And still an hour before anything happens at work…

Competition

While I am generally laid back and mild mannered, there are times when something manages to hit a spot deep inside of me like a gong that resonates up through my bones and flesh and demands that energy be expended. I call it my competitive bone. It doesn’t get hit often, but when it does, boy do I react.

For its 25th anniversary this year Cirque du Soleil is going to attempt to break the world record for stilt walking which they initially set in 2004 with 544 stilt walkers. In 2006 the Japanese beat Cirque’s record with 614. Last year Brandford, Ontario upped the ante to 625. Cirque is aiming for around 1000 next week, thinking that will stand for quite some time.

I probably can’t make it out to the historic attempt Tuesday (though I’m going to try) and in any case, records are meant to be broken.
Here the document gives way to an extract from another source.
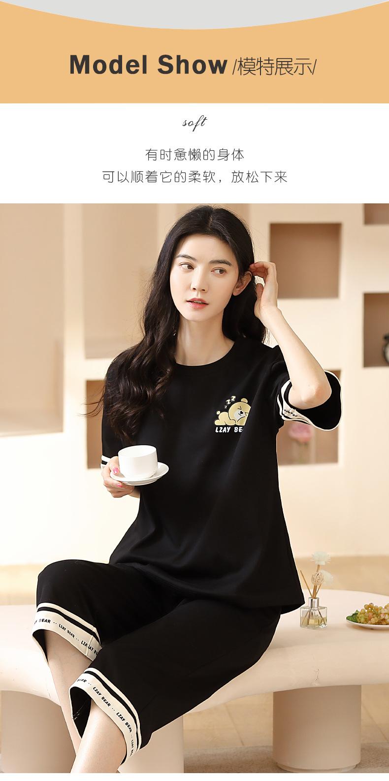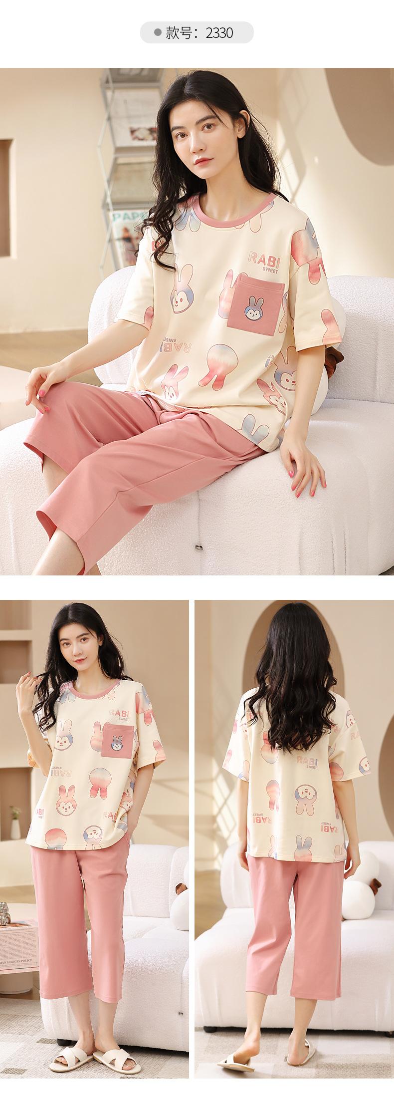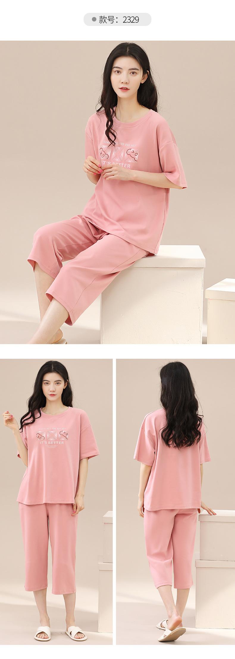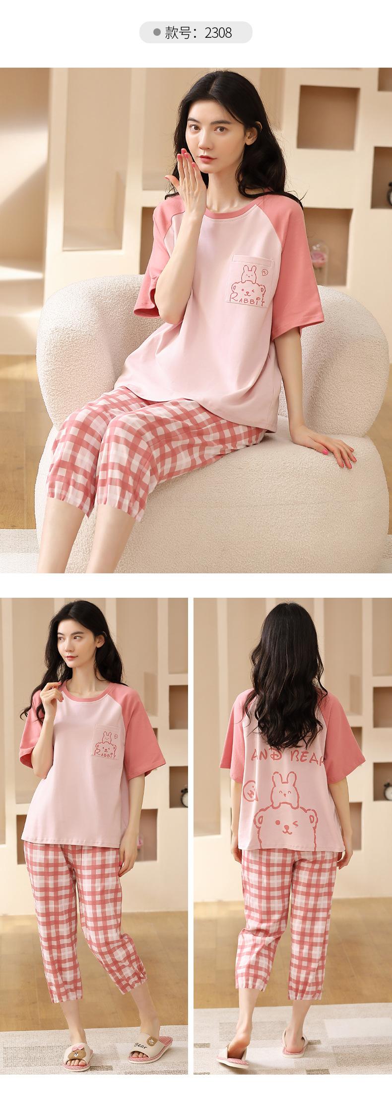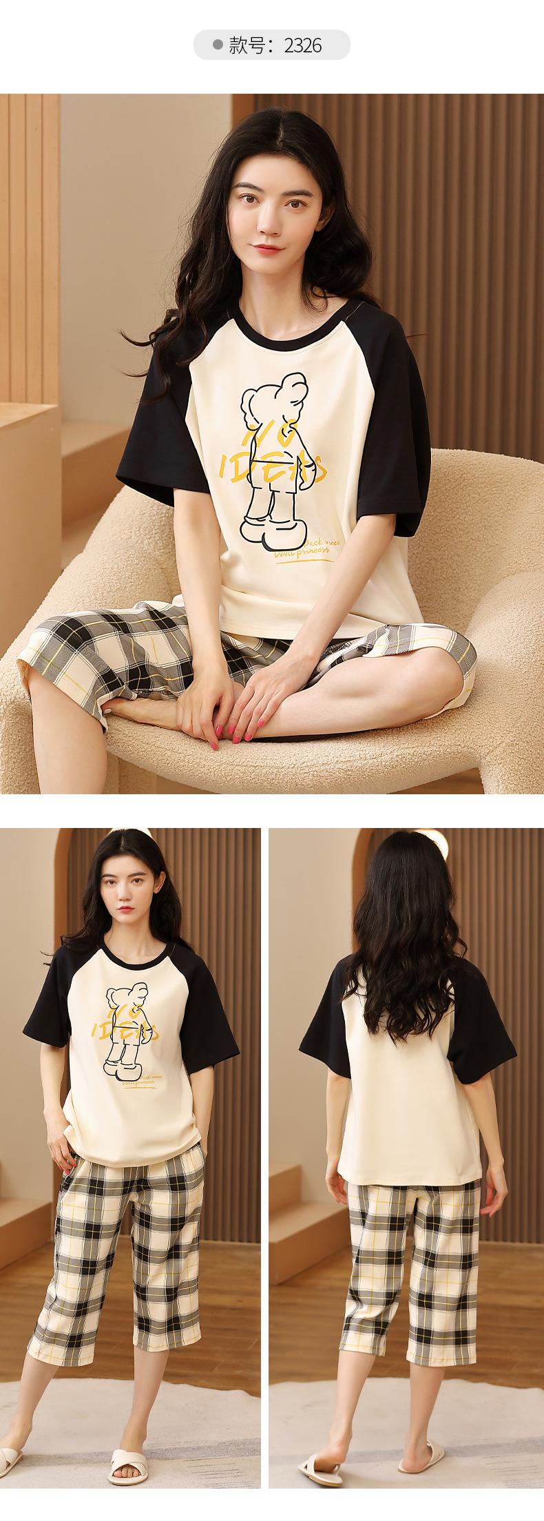Pijamas de verano para mujer, de algodón puro, de manga corta, estilo capri, ropa informal de estilo dulce para el hogar, ropa exterior.

I’ll bet I can get 2000.

Whoa buddy! You’re probably saying. Kay, you’ve only walked on stilts ONCE and now you’re threatening to overturn Cirque’s world record?! Slow down!

No. I’m feeling competitive.

Besides, I don’t think it’d be all that hard. Because I know a place. An ancient alkili lake…

Playa stilts

Burning Man. Surely there are a couple thousand stilt walker at Burning Man, and likely a couple thousand more who’d learn if only to blow a record out of the water. Of course there are logistical issues, such as it being the most chaotic place on earth outside of a war zone, but with proper planning anything is possible. I worked it all out in the shower this morning.

Burners would be keen to do it, the only real obstacles are A) tabulating the results in a satisfactory fashion and B) dealing with flakiness.

A) This isn’t this hard. The route it obvious. Centre Camp to the Man. So, set up some pillars to seperate out “lanes” – then get volunteers to take responsibility for a lane and count every stilt walker that goes through. Now some people will try to double back – goddam tricksters. No problem, everyone gets a stamp on their way through – YAY! A stamp! What a wonderful souvenier! And a great way to keep track of you maniacs…

B) Flakiness. Burners are VERY easily distracted, because there’s a lot of distracting stuff out there. The solution is blunt, like a hammer. Hit them months in advance through Jack Rabbit Speaks, teach them how to build stilts, how to use them. Remind them again and AGAIN. At the event have stilt workshops a few days before. Finally, the day of send a squad of stilt walkers armed with megaphones down every street as town criers telling EVERYONE that the event is coming up fast and to get your elevated ass to Centre Camp. Finally, promise a big kick ass party for stilters only after the event.

With a population of 40,000 many of whom are circus freaks mustering up 2000 stilters should be a breeze, and an amazing sight.

Now it *might* be possible to pull this off in 2009. It would fit the theme well; humans have been consistently growing taller as we evolve and competition is one of the foundations of evolution. I wouldn’t do that to cirque though. It’d be really bad form to blow their record out of the water their anniversary year before the 2009 edition of the Guiness Book of World Records is even published. In fact it’d be a real asshole thing to do.

So 2010. Watch for the parade marshaller on steam powered stilts with a megaphone in his hand shouting out “Stilters assemble!”